Si, like so many of her generation, lived through a lot. Not just the big moments like seeing her brothers go off to fight in World War 2, or moon landings and assassinations, but also profoundly heartbreaking personal moments. When she was eleven years old in June of 1943, her little brother went fishing with their grandfather. He fell into the Tennessee River and drowned. When I was younger, I remember her sister, my Aunt Sue, telling me that Si didn’t speak for nearly a year afterward.
She would outlive her father Clede who died in 1976 at the age of 77, her mother Era who died in 1878 at the age of 76, her brothers Harry Ditmer Hillian who died in 1996 at the age of 68, Soloman David Hillian who died in 1999 at the age of 77, James Cullen Hillian who died in 2000 at the age of 71, and her beloved sister Sue Ann Hillian, Aunt Sue, who died in 2008 at the age of 77. She outlived my grandfather, who was 66 when he died in 1992. And she sadly outlived her grandson, my cousin Lee Jackson Cooper III, who died in 2016 at the age of 32.
But she also welcomed, loved, and cherished the joy of life. She loved, and loved tormenting, her three children, my mother Leesa, my aunt Pat, and my Uncle Jack. She loved the nieces and nephews and cousins that made up the wide-spreading branches of her family tree. She cooked country breakfasts after rambunctious sleepovers for her five grandchildren and packed us all up to take us to the 99-cent movie at FourSquare or the Soddy Daisy Flea Market. She was there for our weddings and to love on her great-grandchildren. And they loved her.

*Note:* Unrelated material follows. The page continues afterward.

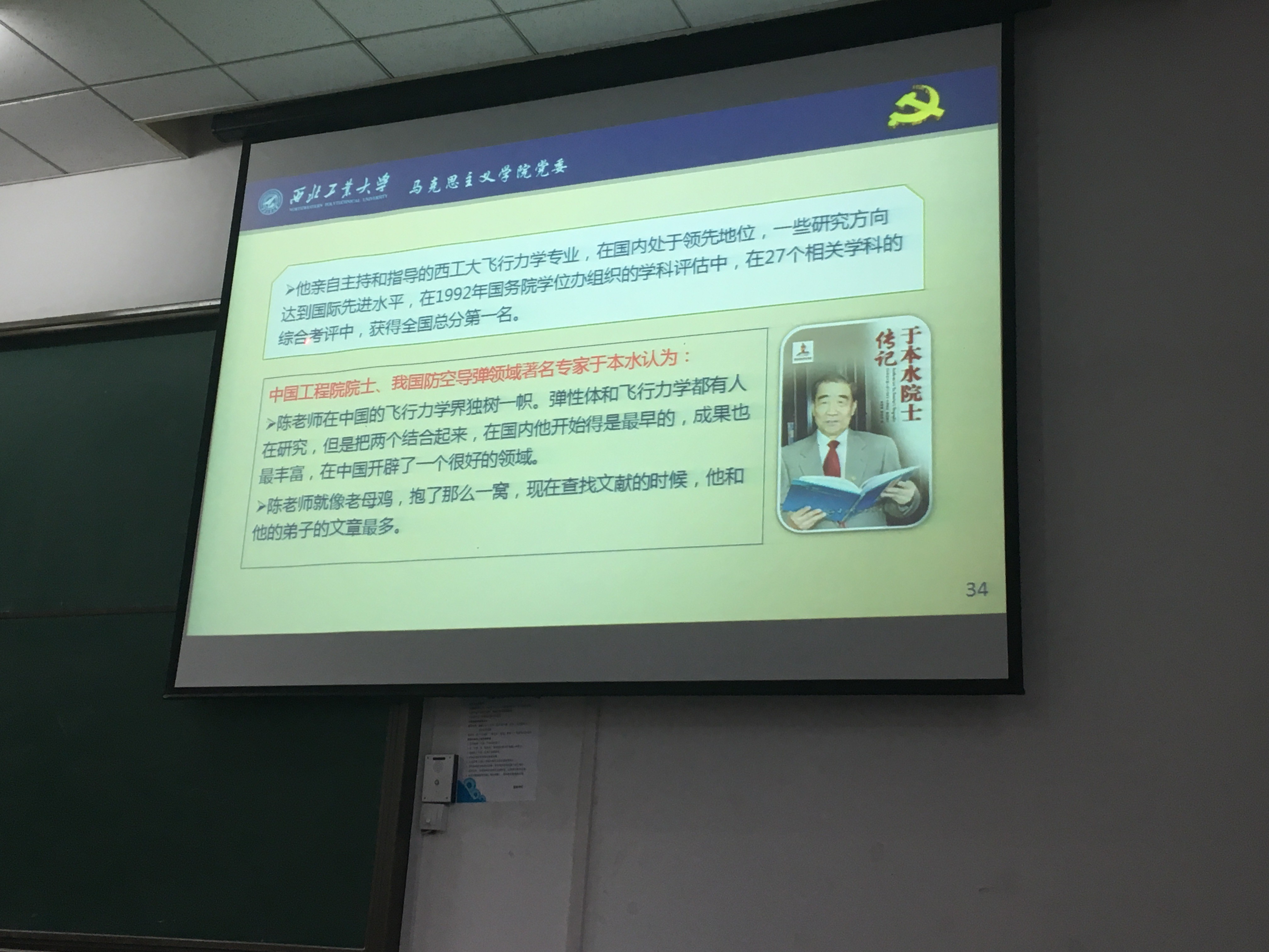 随后,鲁卫平通过几个先进事迹的分享,充分展现了陈士橹院士勤奋刻苦,追求卓越,勇于担当责任的精神品质,在场同学均深有感触。陈士橹院士服从组织决定,勇于担当责任,积极投身航天新征程,创建了西北工业大学宇航工程系,被誉为宇航工程系“三个老母鸡”之一。陈士橹院士严谨治学,厚德仁爱,践行教书育人职责,高瞻远瞩,培育新人,先后培养了我国第一、二位飞行力学博士和博士后,亲自培养硕士生、博士生、博士后50余名。他们当中的许多已经成为我国航天和国防科技工业领域的栋梁。陈院士还积极培育和锻炼新人,为后续发展积蓄了人才资源和科研工作经验。

I was the oldest grandchild in the family, which in many ways meant I was the luckiest because I got to spend the most time with my grandparents. When I was a little kid, Si would always give me money for my birthday. When I was 5, I got a $5 bill. When I was 6, I got $6, etc. This continued until my twelfth birthday when she gave me a check for $12. The next year, when I turned 13, I opened the card, read the message, and got a check for $12. Every year after, up through my thirties, I got a nice card with a Happy Birthday message and a check for $12.
It became a kind of family inside joke. I was never sure if she was doing this with all the grandkids, or if it was just something that she decided to continue with me—a little game between the two of us. So, for her 80th birthday, the whole family got together, and each of us gave her a birthday card with a check for $12. The smile on her face said it all. Everybody laughed, but no one laughed harder than Si. Like my dad said, "Everybody loved her, and she loved everybody." I've seldom felt more loved than when I received that $12 worth of love from my grandmother every year.

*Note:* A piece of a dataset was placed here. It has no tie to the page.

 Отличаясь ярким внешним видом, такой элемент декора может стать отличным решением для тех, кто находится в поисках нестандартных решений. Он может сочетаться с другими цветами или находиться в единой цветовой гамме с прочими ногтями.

In closing, I want to leave you with another Si tradition. Si had a special hug. She taught it to me when I was little, and she taught it to my brothers, my cousins, and her grandchildren. She might have taught it to some of you. I’ll need a volunteer from the audience to help me demonstrate.
That’s the basics. It’s a hug, plus a sound, plus a side-to-side motion. So I want all of you to stand up, turn to the person next to you, and give them a Si hug.

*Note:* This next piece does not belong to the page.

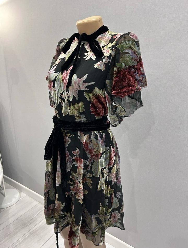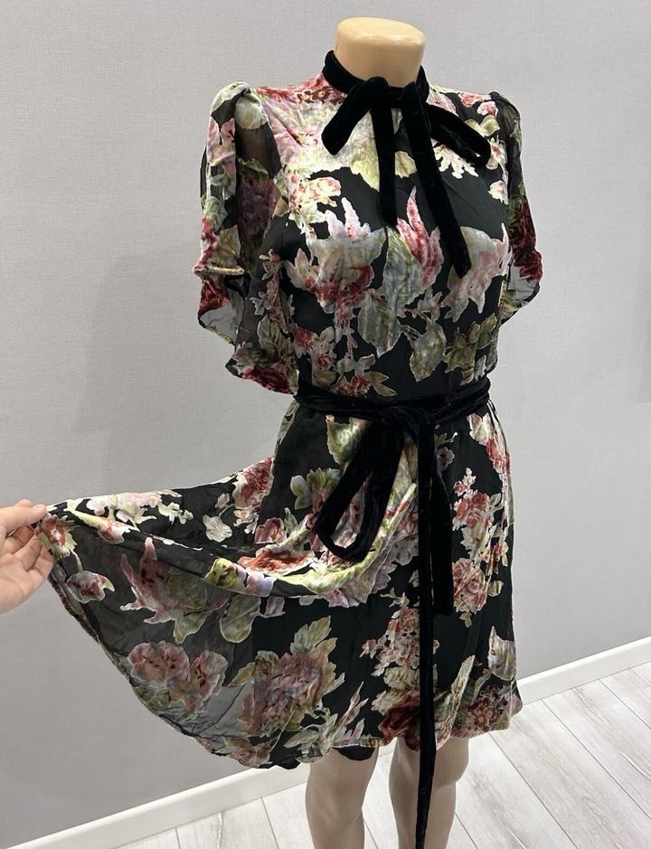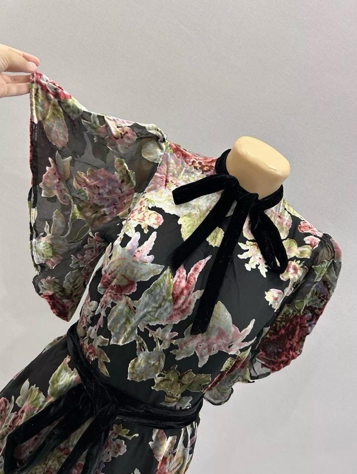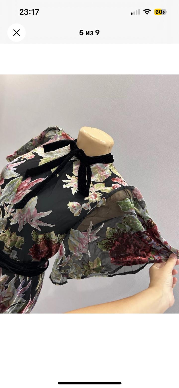 Шифоновое платье с бархатными аппликациями. Головина и пояс - на завязках. Спина частично с вырезом. Артикул: 462925

About a year ago, I visited Si to wish her a happy 92nd birthday. When the visit was done, we did our Si hug and I told her that I loved her. She looked up at me with that twinkle that was always in her eye, and she said, “I love you too, honey. I just never got over it.”
So, as you leave here today, remember Si’s life was a beautiful, long, and winding journey filled with love, humor, tragedy, joy, passion, argument, and so much beauty. She will be remembered fondly and missed dearly, and her legacy will live on in all of us who knew her and loved her and were loved by her. Rest in peace, Si. We all love you. And we’ll never get over it.